Querer evitar un spoiler es querer salvaguardar un secreto hueco. La mayoría de los giros de trama que tanto se protegen son si acaso banales. Pero, por sobre todas las cosas, son predecibles: quién se muere, si es un amor no correspondido, si de la enemistad surge la amistad o el amor, quién es el padre… El miedo a tales revelaciones sólo puede encontrar suelo fértil en el corazón de un tibio. Y quien sólo consigue hablar de una película aludiendo a los giros de la trama es un espectador distraído. “No te la quiero dañar”, consigue articular con orgullo, sin embargo.
Quizás antes de Netflix, pero especialmente con su ayuda, consumimos mucho y no digerimos nada. Al parecer, lo único que puede satisfacer nuestra hambre son giros inesperados y pesados, ilógicos incluso; cuentos desabridos y llenos de aire que se apilan en la palma de la mano como palomitas de maíz y que nos causan la misma distensión estomacal que aquellas.
“No te lo quiero arruinar”, espeta altivo el devorador de películas, el cuentero sin palabras. Pero no hace falta mucho para adivinar que las palomitas vienen con sal, que el padre es el villano, que el héroe sobrevive, que la heroína también ama.
Así, la agonía de la revelación ya se cose en la hechura de la película, consomé bajo en nutrientes. Y este problema se amplifica con nuestra incapacidad para contar historias -o nuestra capacidad para contar historias sólo a partir del cordón grueso y doloroso de una trama predecible. La guerra de las galaxias es una película sobre la soledad, la amistad y el parentesco. Y es, como todas las películas, una película sobre la identidad y la esencia. No obstante, el desprolijo se verá obligado a debatir el matiz de los ojos azules del obtuso Luke Skywalker, la dirección del amor de Leia Organa y a reservarse dos giros finales de la trilogía. Hasta ahora, no sabemos resumir historias, ni pensar en las historias, ni contar historias. A duras penas logramos seguir a tientas una trama que se erige ante nosotros como una sombra bajo la que estamos condenados a habitar.
Además de lo anterior, parece contundente que la agonía que causan los tales spoilers sólo puede provenir de una sociedad que lo único que alcanza a leer son los escasos caracteres que le permiten las entradas de las redes sociales. ¿Libros? Se lee cada vez más poco. ¿Y cómo se sabe eso?
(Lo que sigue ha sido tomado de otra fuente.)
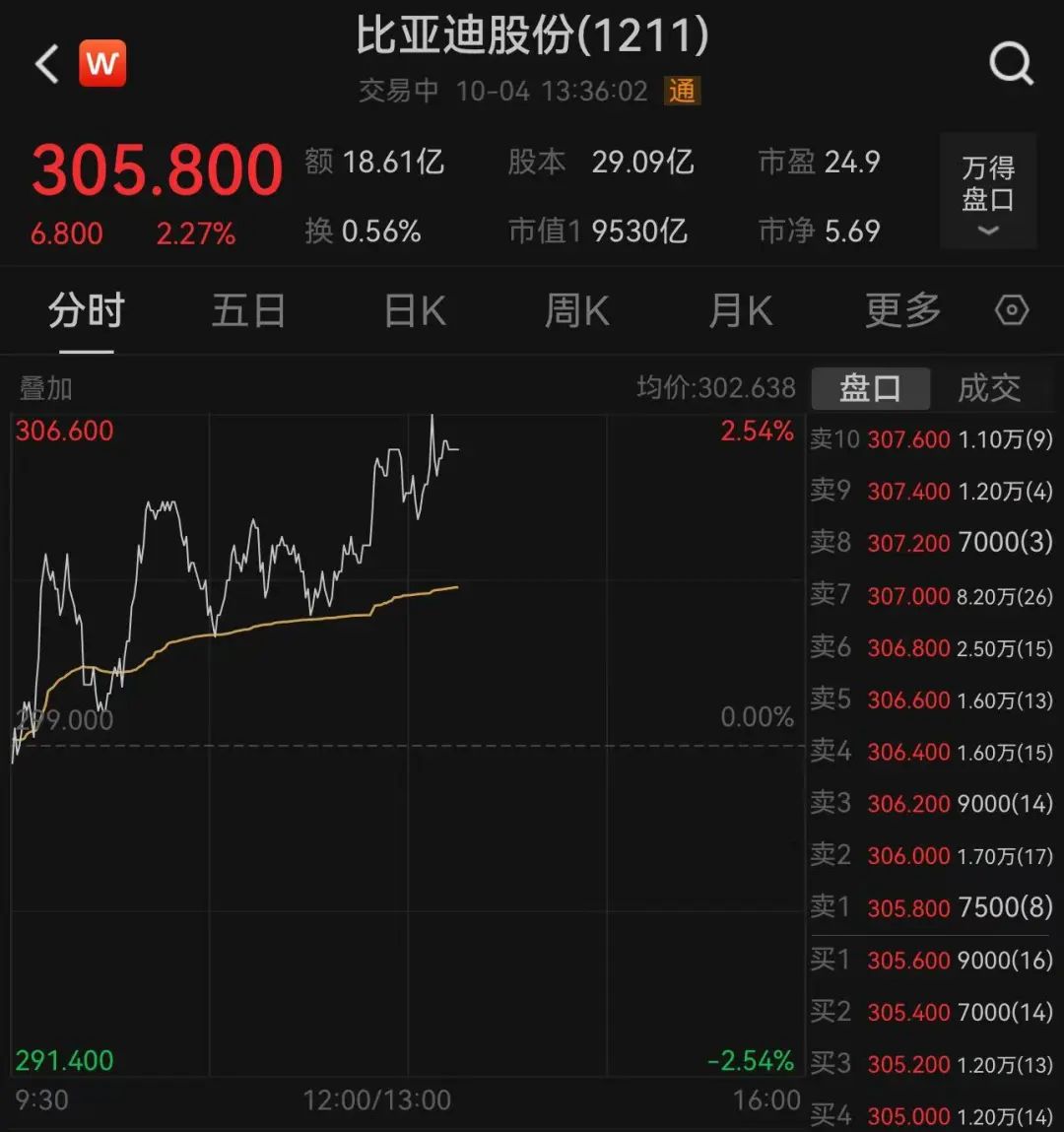 二级市场上,10月4日,截至发稿前,港股比亚迪股份股价上涨2.27%,报305.8港元,最新市值为9530亿港元。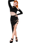 Gothic, dark dancer pencil side slit skirt. Asymmetric high waist skirt. The unique translucent cutouts give the skirt an extraordinary gothic flair. An another original cutout on the hip The icing on the cake are the two thigh stripes that catch the eye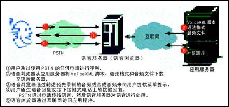 由于電話(包括很多蜂窩電話)沒有計算功能,無法管理語音瀏覽器,所以語音瀏覽器駐留在網(wǎng)絡(luò)上的語音服務(wù)器中。語音服務(wù)器可以位于企業(yè)數(shù)據(jù)中心,或者位于主管供應(yīng)商處。用戶撥叫一臺語音服務(wù)器,該服務(wù)器從一臺應(yīng)用服務(wù)器上下載VoiceXML 2.0腳本、語法格式和聲音文件。語音瀏覽器以一種語音信息的形式將VoiceXML 2.0腳本翻譯給用戶聽,語音信息可以是預(yù)先錄制的語音,或經(jīng)由一個文本語音合成器產(chǎn)生的文本。然后語音瀏覽器調(diào)用一個自動語音識別(ASR)軟件,使用語法格式來識別出用戶響應(yīng)的語音詞匯。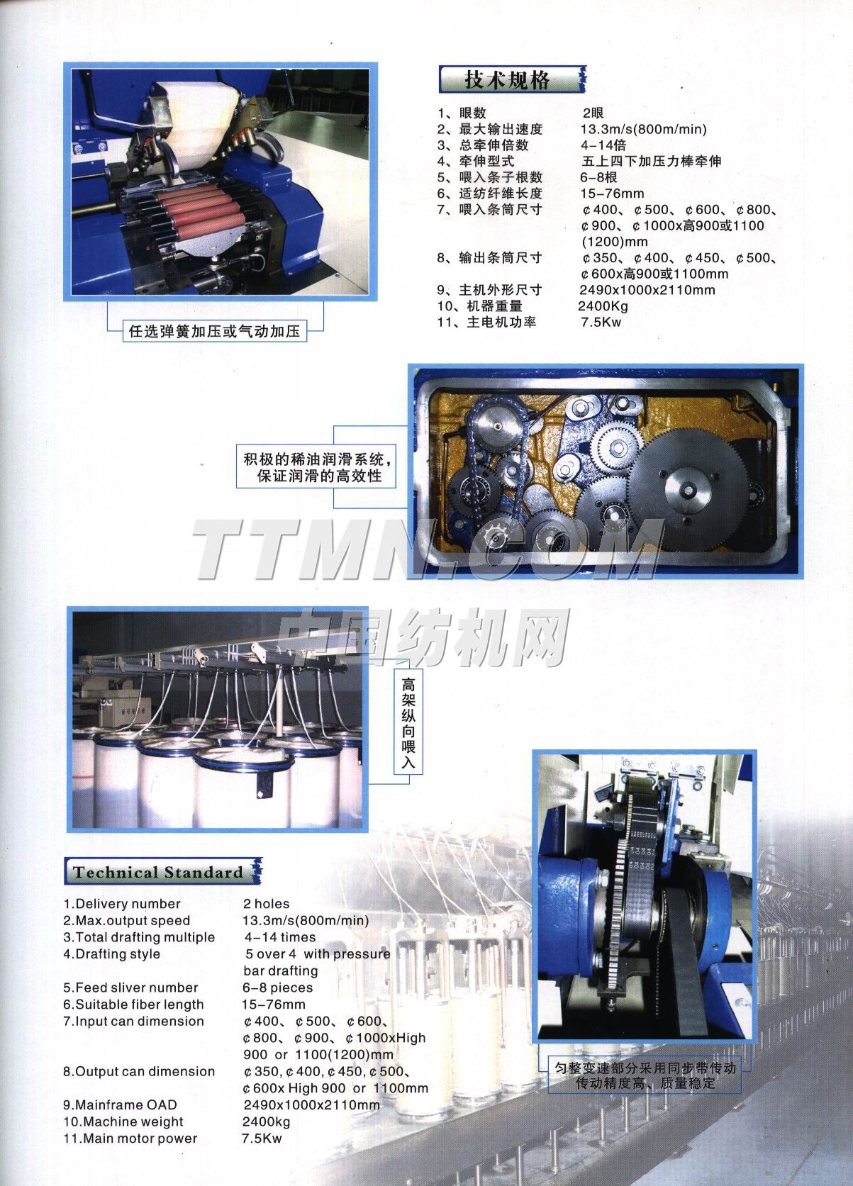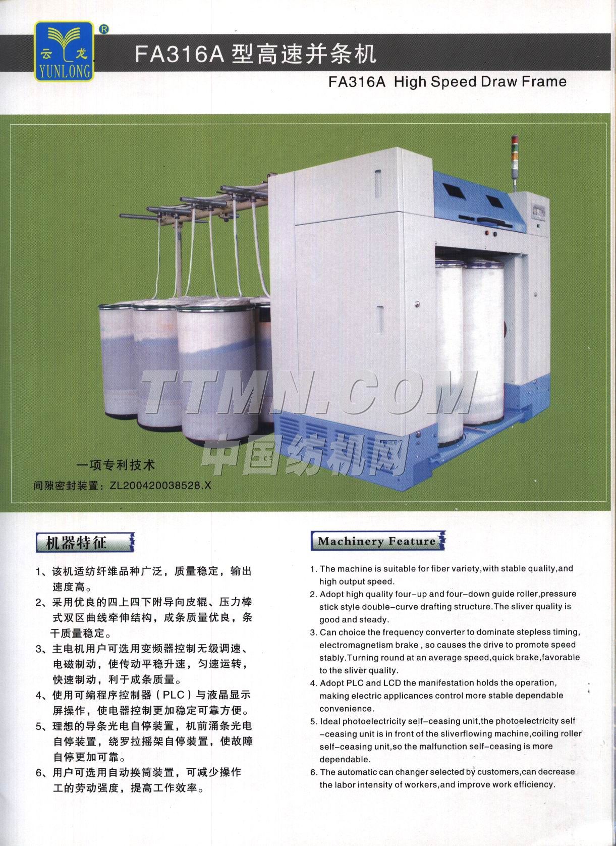 青島云龍紡織機械有限公司生產的“云龍”牌并條機有FA387、FA316、FA318、FA318A、FA396、FC300、 FA304A、FB400型八大系列,其中FA387采用數字化控制牽伸倍數,方便快捷,FA318獲得國家重點新產品,FA318A、FA396被山東省評為省科技進步一等獎、中國紡織協會二等獎。FA387、FA318A、FA396并條機達到國際先進水平。FC300型并條機適紡長纖維。規格品種齊全,設計先進,性能穩定、傳動合理。青島即墨第一紡織機械廠生產的“銀龍... |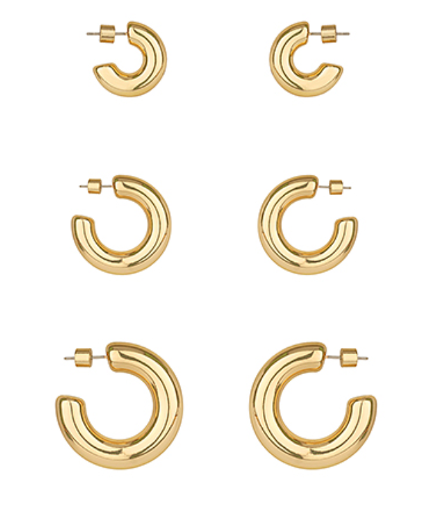 The Golden Trio Hoop Set brings versatility and shine to your collection. Ranging from 7/8" to 1 3/8" long, each pair of hoops features a sleek, rounded silhouette with a high-polish finish. From everyday minimal to bold statement, this set has you covered for every occasion.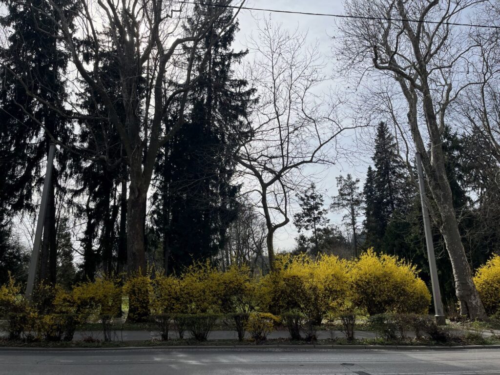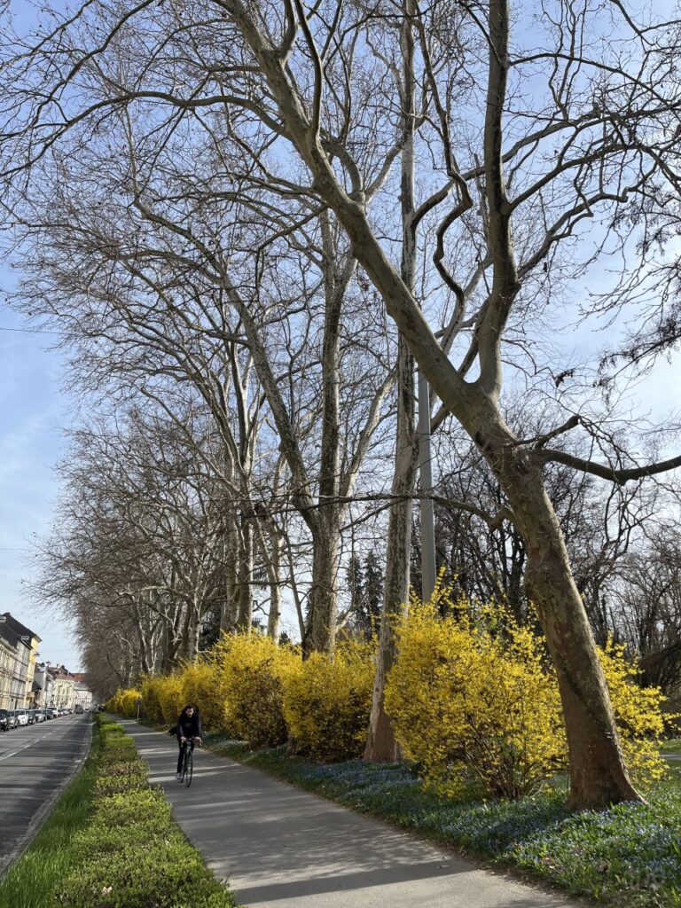 Ich biege nach links in die Harrachgasse ab und sehe vom Glacis her bereits die gelben Forsythien entlang des Stadtparks leuchten.

Entre otras cosas, el impulso de la lectura es el anhelo del spoiler de los entramados más vitales: conocer que hay después del mar antes de siquiera haber salido de nuestra pequeña ciudad; sentir la trémula vejez aún gozando de la fugitiva juventud; llorar el amor antes de que acabe; amar mucho antes de conocer siquiera el nombre de la amada. Es posible que para leer sea imperativo tanto aceptar la infinitud de la existencia y la confusión universal como sentirse abatido e impulsado por la pregunta que supera nuestra experiencia. Leer es anhelar la revelación; leer es pedir el berraco spoiler.
Así las cosas, camaradas, esta vez la revelación expone al verdadero enemigo.